L’avenir d’une Europe qui est désormais étroitement assimilée à la politique rejetée est la question clé, comme les Britanniques l’ont éloquemment montré. À cet égard, une question domine toutes les autres, à laquelle une réponse doit être apportée : comment sortir du piège au fond duquel nous sommes tombés ? Peut-on croire dans une négociation aux résultats hasardeux avec les défenseurs intransigeants d’une déflation interne reposant sur la baisse du coût du travail et la mise en cause de l’État providence, cette alliance entre les ordo-libéraux allemands et les ultra-libéraux européens qui y trouvent leur compte ?
Répondre à cette question, c’est trouver le moyen de faire valoir une opposition européenne qui s’exprime aujourd’hui en ordre dispersé dans tous les pays, chaque gouvernement ayant dans la dernière période privilégié comme attitude de négocier dans son coin quelques accommodements limités. La manière dont la Grèce est restée isolée illustre au mieux la pusillanimité des équipes au pouvoir et l’absence de résultat tangible.
Mais l’intransigeance du gouvernement allemand, qui prépare la suite des opérations, laisse peu de place à la négociation. Faut-il se rappeler comment l’Allemagne avait à l’époque adopté l’euro à reculons, moyennant de sérieuses contreparties ? C’est pourquoi l’hypothèse la plus crédible est aujourd’hui de proposer au gouvernement allemand d’abandonner la monnaie unique et de quitter la zone constituée par ceux qui continueront d’y adhérer. C’est le seul moyen d’enfoncer un coin pour commencer.

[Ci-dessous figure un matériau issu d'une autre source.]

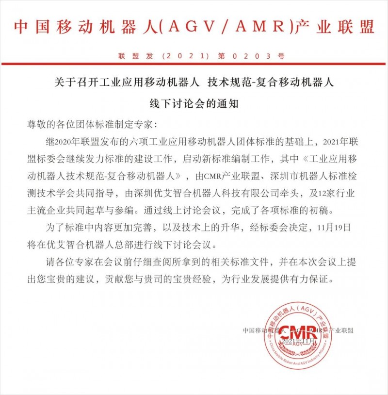 關于召開《工業應用移動機器人 技術規范-復合移動機器人》線下討論會的通知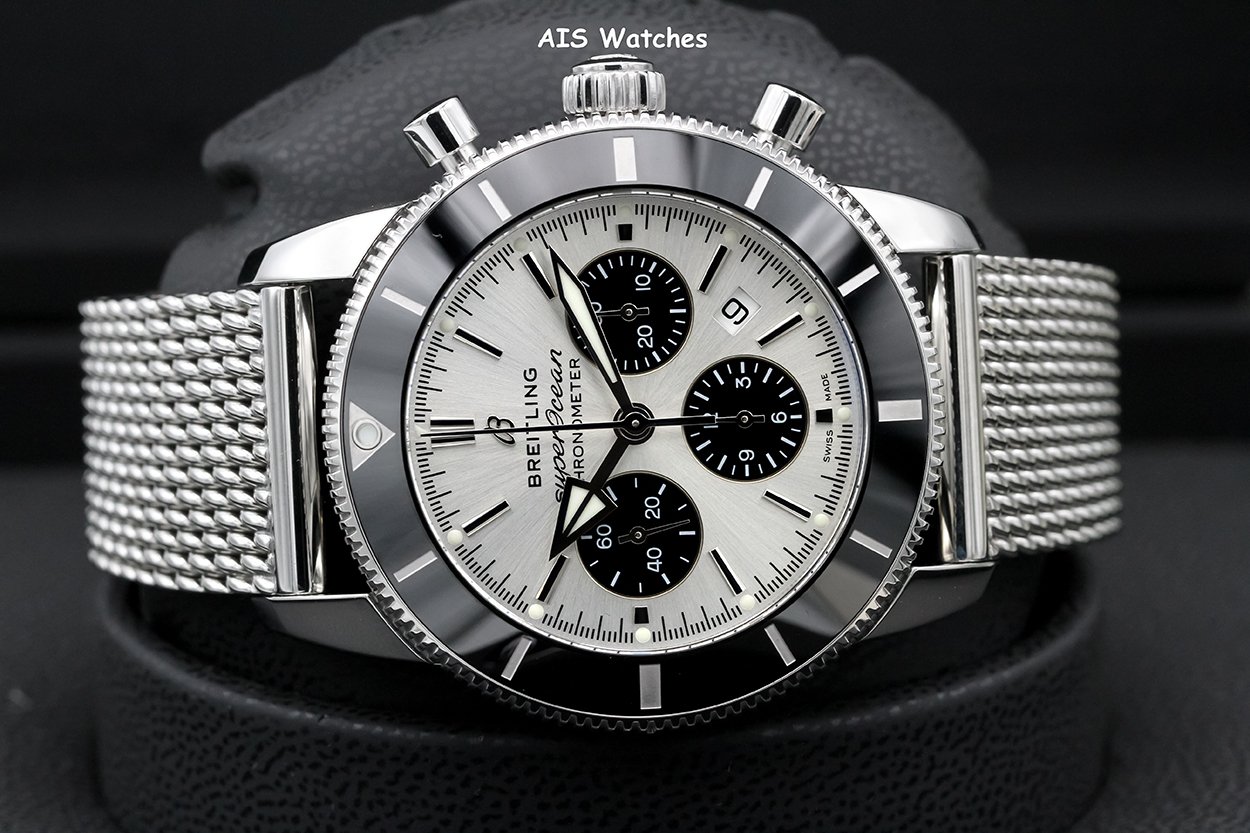 ** Breitling AB0162121G1A1 Superocean Heritage B01 Chronograph Silver Dial SS Strap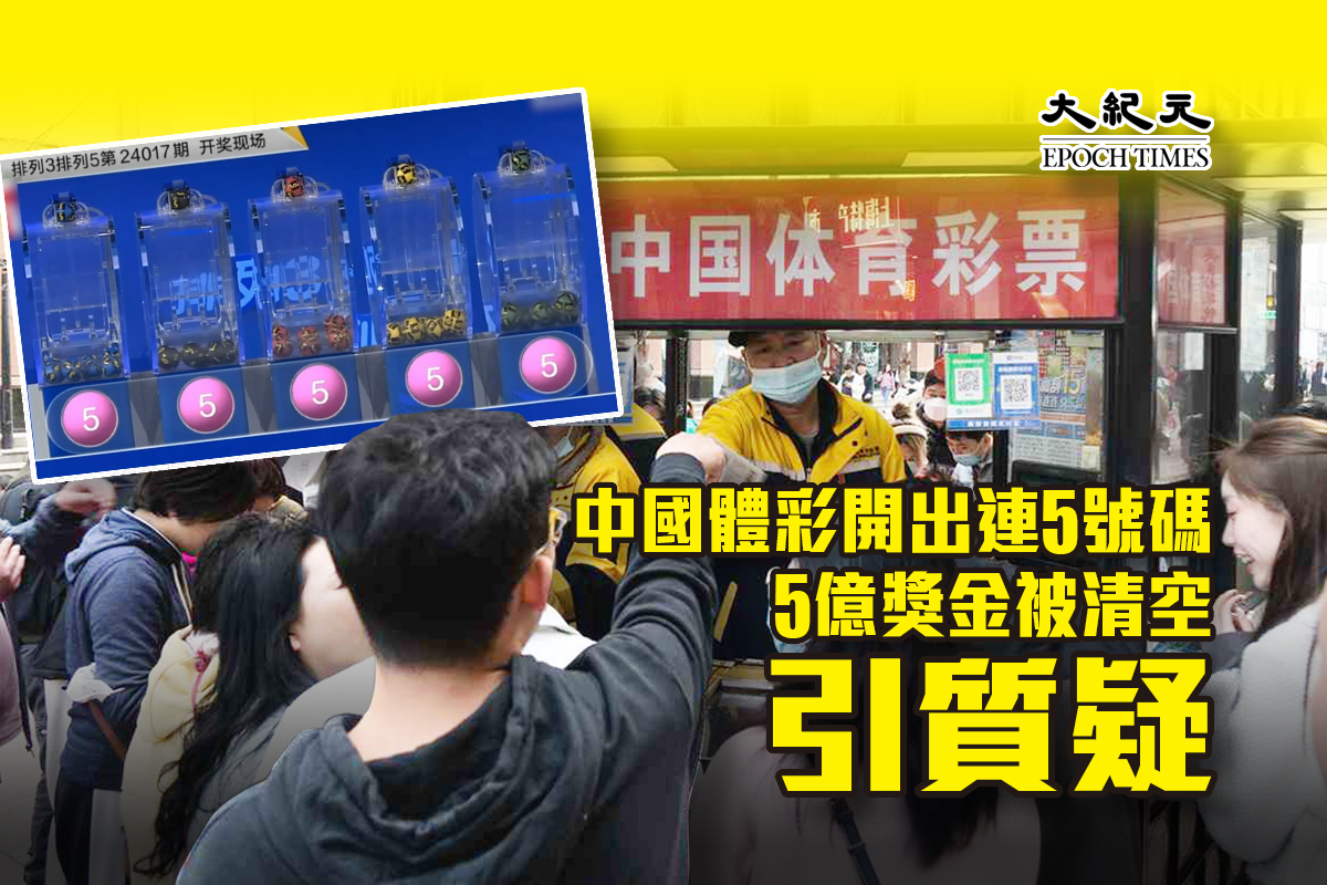 1月18日,中國體彩最新開獎結果再被質疑。17日開獎開出「55555」,5億元(人民幣,下同)獎池被清空。中國體彩稱不存在人為操控等。但網民紛紛不相信此說法。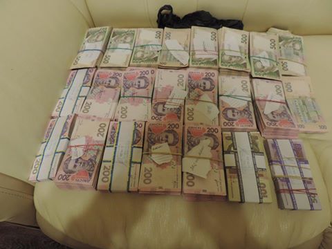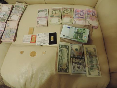 У задержанного в портфеле изъято наличностью 18 тыс. долларов США, а во время обыска в квартире – почти 900 тыс. гривен, 20 тыс. долларов США, 6 тыс. евро. В целом изъято свыше 1,5 млн гривен.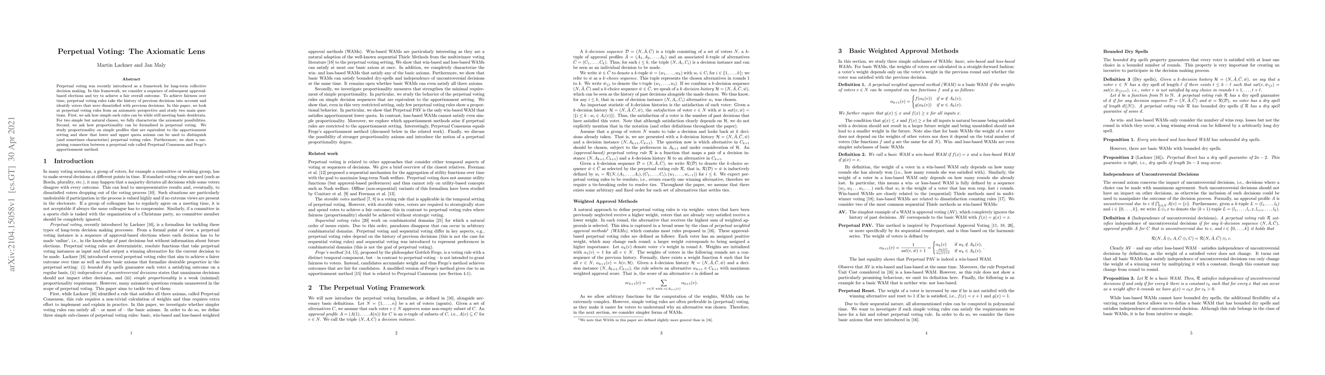 This paper examines perpetual voting, a framework for long-term collective decision making, through an axiomatic lens. It characterizes simple yet fair perpetual voting rules and explores the formalization of proportionality, revealing a surprising link between Perpetual Consensus and Frege's apportionment method.
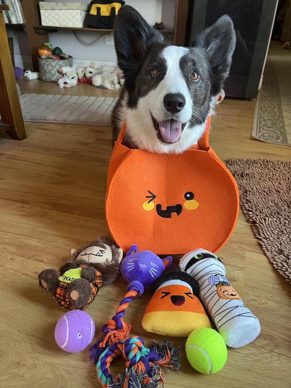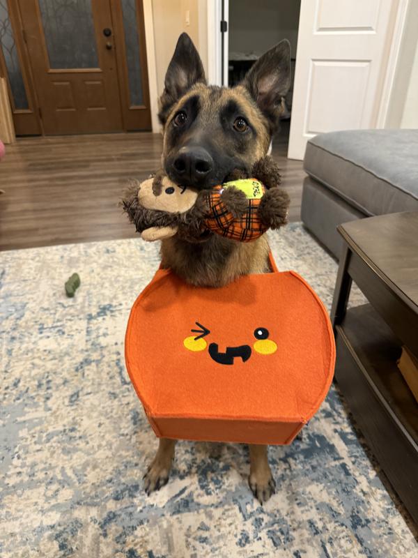 - This Halloween Boo Basket provides a variety of ways for your pup to play, wrapped up in an orange felt bag with a smiling pumpkin face that’s great for gifting.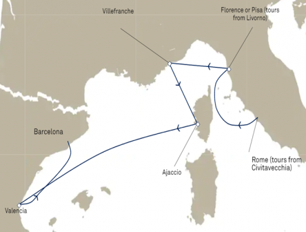 コルシカ島の楽園、アジャクシオでハーブ・ド・マキの香りを味わいながら、トスカーナワインやスペイン名物のスモーキーなタパスを味わい尽くす7泊の地中海クルーズです。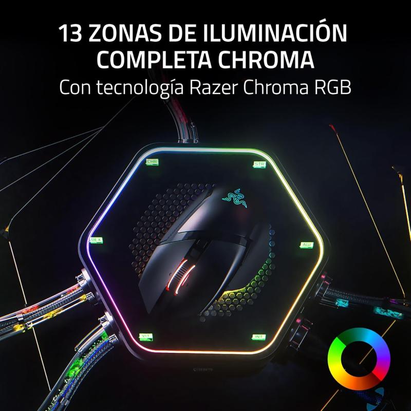 ILUMINACIÓN CHROMA DE 13 ZONAS CON RESPLANDOR COMPLETO: Impulsado por Razer Chroma™ RGB. Personaliza cada zona con más de 16.8 millones de colores y numerosos efectos de iluminación, y experimenta una mayor inmersión a medida que reaccionan dinámicamente con cientos de juegos integrados en Chroma.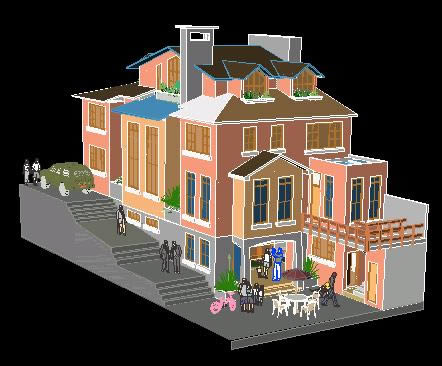 Apartment building Apartman - dört katlı - bitkiler - bölümler-yükseklikler |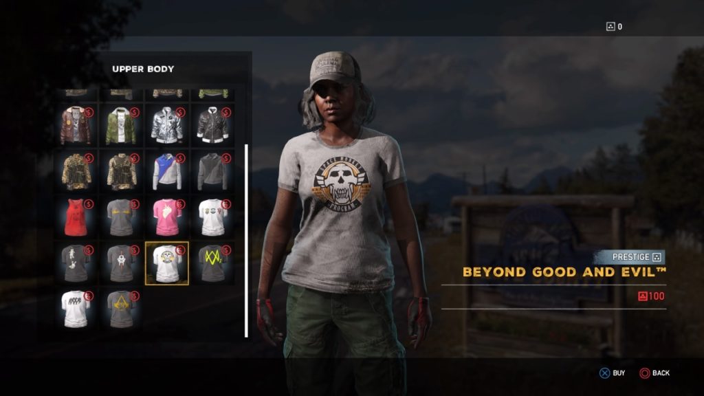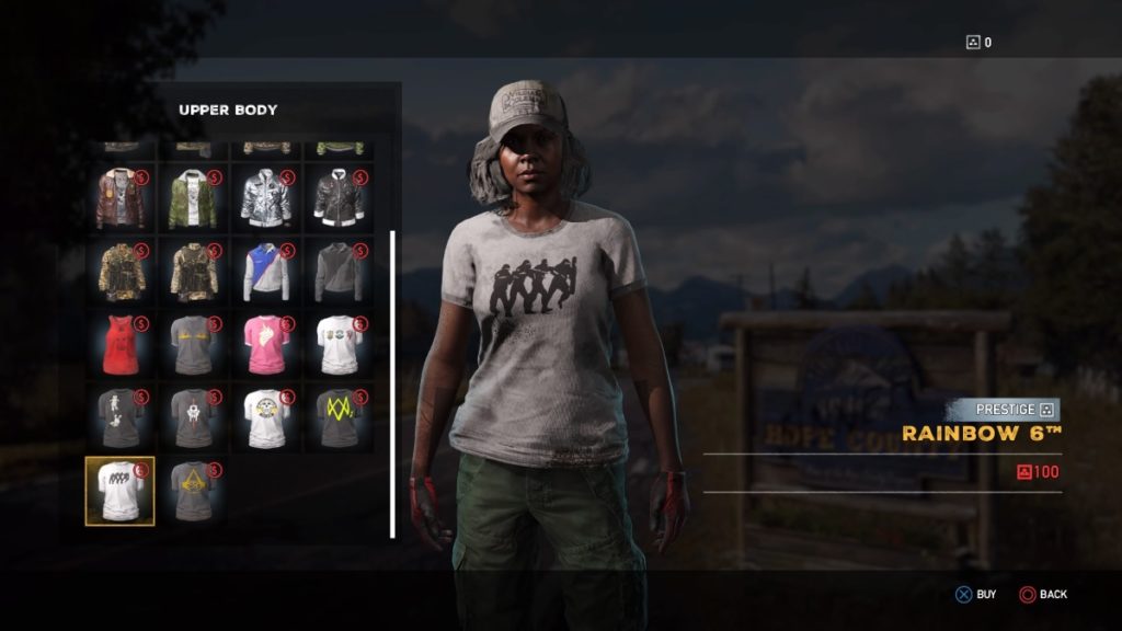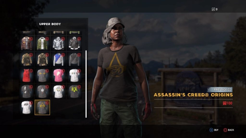 الرائع في يوبي سوفت انها غالبا ما تربط بين العابها و Far Cry 5 ليست استثناء حيث ستجد في اللعبة الكثير من الازياء التي تحمل علامات او شعارات العاب اخرى من العاب يوبي سوفت مثل Assassin’s Creed و Rainbow Six و Beyond Good & Evil و For Honor و Watch Dogs و اليكم هنا بعض الصورة لبعض القمصان التي تعمل شعارات هذه الالعاب.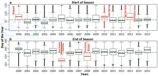 (a) SOS and (b) EOS dates for the salt marshes of southeast LA. The dotted line represents median SOS and EOS dates. Late SOS and early EOS dates are highlighted in red along with environmental events (such as dieback, late spring onset, BP Oil Spill, Hurricane Isaac for the SOS, and Hurricanes Katrina and Gustav for the EOS) possibly influencing such events.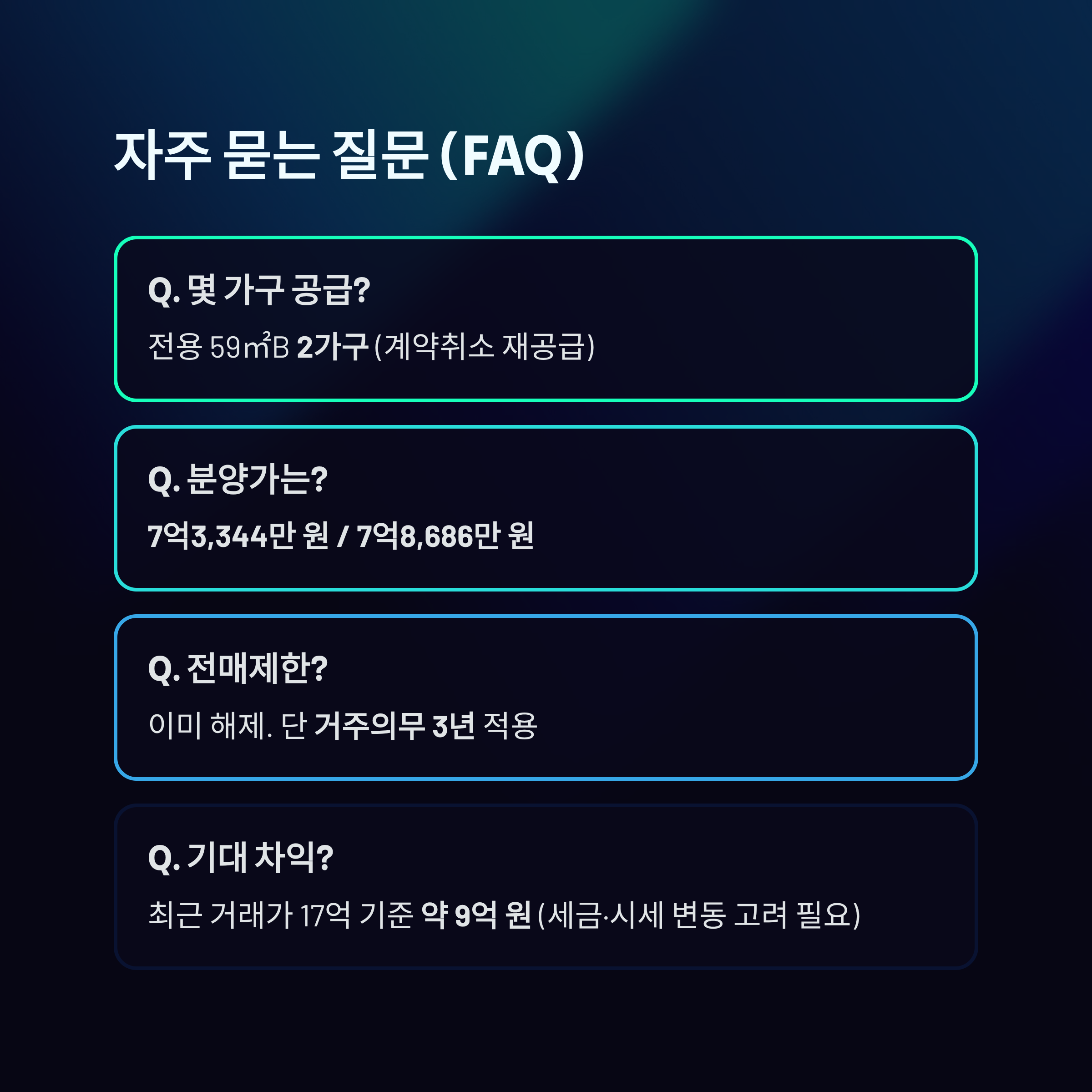 이번 공급 물량은 전용 59㎡B 2가구입니다. 기사 기준으로 공급 층수는 7층과 28층이며, 분양가는 각각 7억3344만 원, 7억8686만 원으로 보도됐습니다. 최고 분양가 기준으로만 보면 7억 후반대입니다.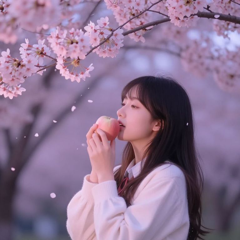 Girl is eating apple under a blooming cherry tree, petals falling around, serene expression, twilight atmosphere with soft pink and purple hues, whimsical and dreamy scene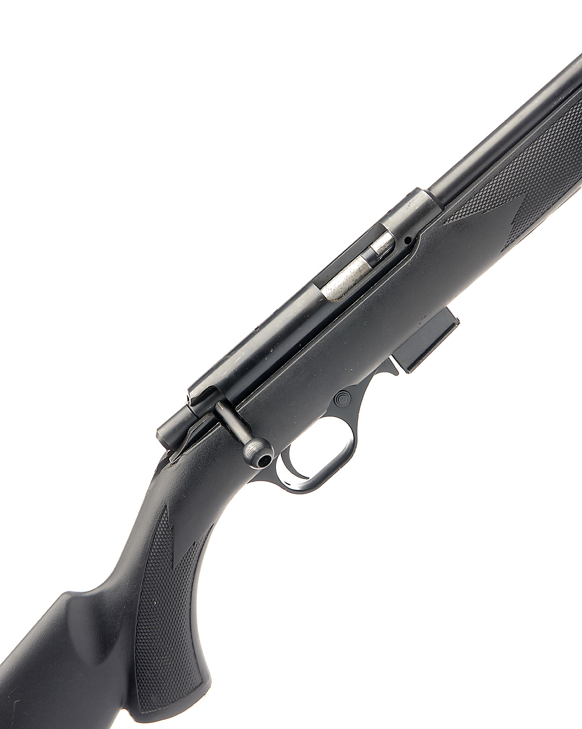 A MOSSBERG .17 HMR 'INT'L' BOLT-ACTION SPORTING RIFLE, serial No. HHA025936, 17in. unsighted nitro barrel, threaded for sound moderator, manual safety, detachable magazine, black synthetic pistolgrip stock, 14 1/2in. pull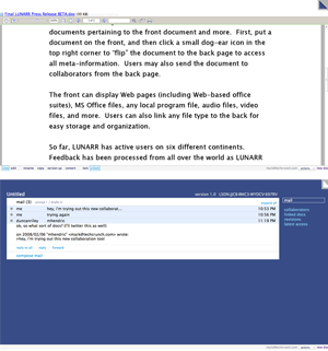 Lunarr is a service going into private beta that promises to put an end to the habit of emailing documents back and forth to collaborate. Its creators want to simplify collaboration by placing documents within the web browser and equipping users with wiki-like editing functionality and, more importantly, an email-like messaging system that associates messages with particular documents.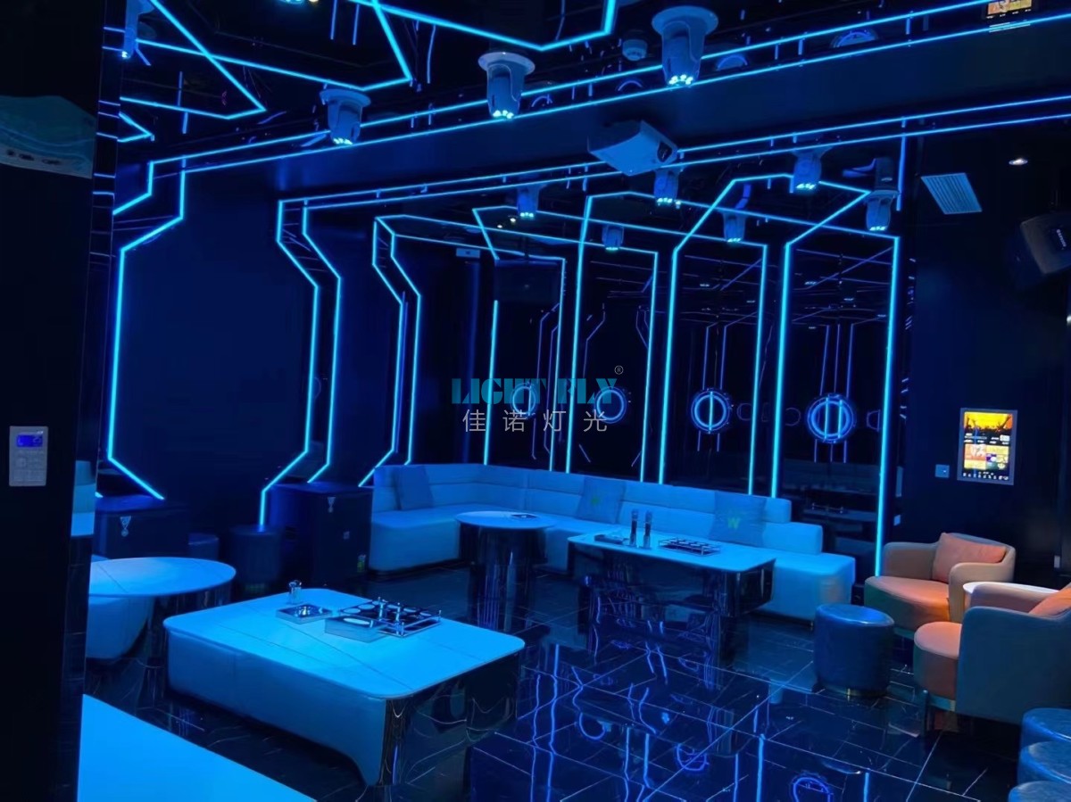唱歌是現(xiàn)在大部分人放松的方式,傳統(tǒng)的手機(jī)聽歌,自己唱歌很單調(diào),很多人喜歡將朋友聚集在一起去KTV唱歌,這是很好的釋放壓力的方式,各種各樣的歌曲,能夠讓所有人都能選到自己喜歡的歌曲,佳諾燈光LIGHT FLY燈光設(shè)計(jì)師結(jié)合2021年輕人的夜晚生活習(xí)慣,采用的柔和的KTV智能包房燈光系列:嵌入式LED搖頭圖案燈,嵌入式LED染色搖頭燈,嵌入式動(dòng)畫激光燈,嵌入式LED蝴蝶燈,嵌入式LED水紋燈等燈光設(shè)備,全部采用一鍵式觸摸屏KTV燈光系統(tǒng),可以切換柔光燈光效果,爆閃燈光效果,動(dòng)畫激激光效果,讓每一位來(lái)KTV的客戶感受夜晚的多姿多彩。無(wú)與倫比的燈光秀得到了客戶的一致滿意。

La poursuite de la construction de l’Europe ou son démantèlement est devenu un enjeu déterminant. En priorité là où elle s’est arrêtée, dans les domaines fiscal et social, comme de tirer toutes les conséquences de l’adoption de la monnaie unique. L’objectif est de changer le cours de la construction européenne, ce qui est possible car l’appartenance à l’Europe continue de susciter malgré tout et paradoxalement, une profonde adhésion. Dans ce nouveau contexte, la solidarité devrait primer et un coup d’arrêt être apporté au développement des inégalités sociales, auxquelles il faudrait commencer à remédier en enrayant les mécanismes de leur production. De telles mises en cause ne peuvent en effet se concevoir qu’à l’échelle européenne pour leur donner toutes les chances de s’imposer.
Proposer une autre perspective que l’adoption du plan que représente la sortie de la France de l’euro, ou de tout autre pays, ce n’est pas abdiquer de la volonté de changer radicalement de politique, c’est tout au contraire s’en donner les moyens. Quant à Macron qui n’est d’évidence pas porteur d’une telle alternative, sa victoire créerait les conditions pour la promouvoir en France et à l’échelle européenne.
Une telle perspective devrait dès maintenant être affirmée afin d’emporter la conviction de tous et de se présenter aux législatives porteurs d’une alternative politique concrète.